● **MATERIAL FOR THIS EXERCISE**:
★ ★ ★ ★

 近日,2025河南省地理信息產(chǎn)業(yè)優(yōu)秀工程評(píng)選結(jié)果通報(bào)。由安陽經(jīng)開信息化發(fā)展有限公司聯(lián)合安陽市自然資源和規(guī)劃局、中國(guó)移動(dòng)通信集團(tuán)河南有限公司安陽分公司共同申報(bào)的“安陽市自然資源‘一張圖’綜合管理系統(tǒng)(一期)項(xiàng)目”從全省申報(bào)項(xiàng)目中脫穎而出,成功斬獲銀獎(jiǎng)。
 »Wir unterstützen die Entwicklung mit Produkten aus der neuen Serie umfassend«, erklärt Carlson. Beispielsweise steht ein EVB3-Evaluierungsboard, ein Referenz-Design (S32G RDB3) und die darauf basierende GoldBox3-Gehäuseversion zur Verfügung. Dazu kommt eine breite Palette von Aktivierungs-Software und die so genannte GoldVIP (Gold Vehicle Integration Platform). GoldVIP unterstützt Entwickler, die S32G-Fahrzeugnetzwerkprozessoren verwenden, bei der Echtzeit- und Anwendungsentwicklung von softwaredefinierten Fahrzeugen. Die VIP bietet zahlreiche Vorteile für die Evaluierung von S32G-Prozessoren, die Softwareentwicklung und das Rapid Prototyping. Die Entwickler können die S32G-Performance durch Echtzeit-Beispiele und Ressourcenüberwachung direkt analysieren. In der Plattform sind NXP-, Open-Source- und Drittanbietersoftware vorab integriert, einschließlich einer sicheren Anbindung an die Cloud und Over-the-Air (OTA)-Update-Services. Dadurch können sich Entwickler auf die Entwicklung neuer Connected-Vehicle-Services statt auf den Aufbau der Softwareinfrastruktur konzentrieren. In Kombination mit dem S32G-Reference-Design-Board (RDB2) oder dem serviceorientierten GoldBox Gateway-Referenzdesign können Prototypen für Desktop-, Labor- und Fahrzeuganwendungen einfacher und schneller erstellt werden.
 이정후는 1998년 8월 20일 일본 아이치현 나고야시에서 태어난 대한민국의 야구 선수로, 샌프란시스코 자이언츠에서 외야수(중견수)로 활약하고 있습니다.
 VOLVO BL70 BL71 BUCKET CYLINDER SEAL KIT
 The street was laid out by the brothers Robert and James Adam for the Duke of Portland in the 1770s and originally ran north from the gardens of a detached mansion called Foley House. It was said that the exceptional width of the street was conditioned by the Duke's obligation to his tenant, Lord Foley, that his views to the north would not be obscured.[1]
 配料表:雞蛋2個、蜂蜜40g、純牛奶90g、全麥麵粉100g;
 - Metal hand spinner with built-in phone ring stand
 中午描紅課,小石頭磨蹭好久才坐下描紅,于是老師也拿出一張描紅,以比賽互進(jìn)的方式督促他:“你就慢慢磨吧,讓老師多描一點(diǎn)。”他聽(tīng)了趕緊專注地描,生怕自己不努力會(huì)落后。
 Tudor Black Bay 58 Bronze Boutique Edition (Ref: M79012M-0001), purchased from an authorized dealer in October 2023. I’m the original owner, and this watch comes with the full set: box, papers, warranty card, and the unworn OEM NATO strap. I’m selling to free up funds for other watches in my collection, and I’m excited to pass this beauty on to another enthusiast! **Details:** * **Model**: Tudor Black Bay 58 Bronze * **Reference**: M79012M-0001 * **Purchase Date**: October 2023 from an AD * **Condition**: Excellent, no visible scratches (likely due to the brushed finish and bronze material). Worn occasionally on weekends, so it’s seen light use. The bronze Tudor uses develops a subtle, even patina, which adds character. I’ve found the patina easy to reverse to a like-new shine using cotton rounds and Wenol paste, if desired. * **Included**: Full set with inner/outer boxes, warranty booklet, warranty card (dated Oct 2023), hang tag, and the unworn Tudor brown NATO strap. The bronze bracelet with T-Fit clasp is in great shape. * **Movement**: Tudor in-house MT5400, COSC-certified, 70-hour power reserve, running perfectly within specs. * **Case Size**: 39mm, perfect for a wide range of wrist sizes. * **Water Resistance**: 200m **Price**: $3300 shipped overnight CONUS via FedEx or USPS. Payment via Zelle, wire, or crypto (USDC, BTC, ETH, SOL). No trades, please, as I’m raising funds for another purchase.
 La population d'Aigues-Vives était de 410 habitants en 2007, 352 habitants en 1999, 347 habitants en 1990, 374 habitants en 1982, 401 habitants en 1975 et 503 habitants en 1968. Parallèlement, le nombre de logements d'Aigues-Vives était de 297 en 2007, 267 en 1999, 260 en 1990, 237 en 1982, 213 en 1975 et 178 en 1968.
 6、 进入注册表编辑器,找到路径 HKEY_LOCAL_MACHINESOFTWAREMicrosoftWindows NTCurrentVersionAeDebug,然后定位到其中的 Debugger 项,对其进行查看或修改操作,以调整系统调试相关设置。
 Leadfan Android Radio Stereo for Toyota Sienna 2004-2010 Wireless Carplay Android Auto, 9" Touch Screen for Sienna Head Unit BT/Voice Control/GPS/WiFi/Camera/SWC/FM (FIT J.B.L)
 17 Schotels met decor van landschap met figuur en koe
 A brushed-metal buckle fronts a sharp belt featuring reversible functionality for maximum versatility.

★ ★ ★ ★

● **TASK DIRECTIONS**:
In the data above, retype exactly and only the lines between the one holding "中午描紅課,小石頭磨蹭好久才" and the one holding "17 Schotels met", inclusive.

● **RESPONSE TO THE TASK**:
 中午描紅課,小石頭磨蹭好久才坐下描紅,于是老師也拿出一張描紅,以比賽互進(jìn)的方式督促他:“你就慢慢磨吧,讓老師多描一點(diǎn)。”他聽(tīng)了趕緊專注地描,生怕自己不努力會(huì)落后。
 Tudor Black Bay 58 Bronze Boutique Edition (Ref: M79012M-0001), purchased from an authorized dealer in October 2023. I’m the original owner, and this watch comes with the full set: box, papers, warranty card, and the unworn OEM NATO strap. I’m selling to free up funds for other watches in my collection, and I’m excited to pass this beauty on to another enthusiast! **Details:** * **Model**: Tudor Black Bay 58 Bronze * **Reference**: M79012M-0001 * **Purchase Date**: October 2023 from an AD * **Condition**: Excellent, no visible scratches (likely due to the brushed finish and bronze material). Worn occasionally on weekends, so it’s seen light use. The bronze Tudor uses develops a subtle, even patina, which adds character. I’ve found the patina easy to reverse to a like-new shine using cotton rounds and Wenol paste, if desired. * **Included**: Full set with inner/outer boxes, warranty booklet, warranty card (dated Oct 2023), hang tag, and the unworn Tudor brown NATO strap. The bronze bracelet with T-Fit clasp is in great shape. * **Movement**: Tudor in-house MT5400, COSC-certified, 70-hour power reserve, running perfectly within specs. * **Case Size**: 39mm, perfect for a wide range of wrist sizes. * **Water Resistance**: 200m **Price**: $3300 shipped overnight CONUS via FedEx or USPS. Payment via Zelle, wire, or crypto (USDC, BTC, ETH, SOL). No trades, please, as I’m raising funds for another purchase.
 La population d'Aigues-Vives était de 410 habitants en 2007, 352 habitants en 1999, 347 habitants en 1990, 374 habitants en 1982, 401 habitants en 1975 et 503 habitants en 1968. Parallèlement, le nombre de logements d'Aigues-Vives était de 297 en 2007, 267 en 1999, 260 en 1990, 237 en 1982, 213 en 1975 et 178 en 1968.
 6、 进入注册表编辑器,找到路径 HKEY_LOCAL_MACHINESOFTWAREMicrosoftWindows NTCurrentVersionAeDebug,然后定位到其中的 Debugger 项,对其进行查看或修改操作,以调整系统调试相关设置。
 Leadfan Android Radio Stereo for Toyota Sienna 2004-2010 Wireless Carplay Android Auto, 9" Touch Screen for Sienna Head Unit BT/Voice Control/GPS/WiFi/Camera/SWC/FM (FIT J.B.L)
 17 Schotels met decor van landschap met figuur en koe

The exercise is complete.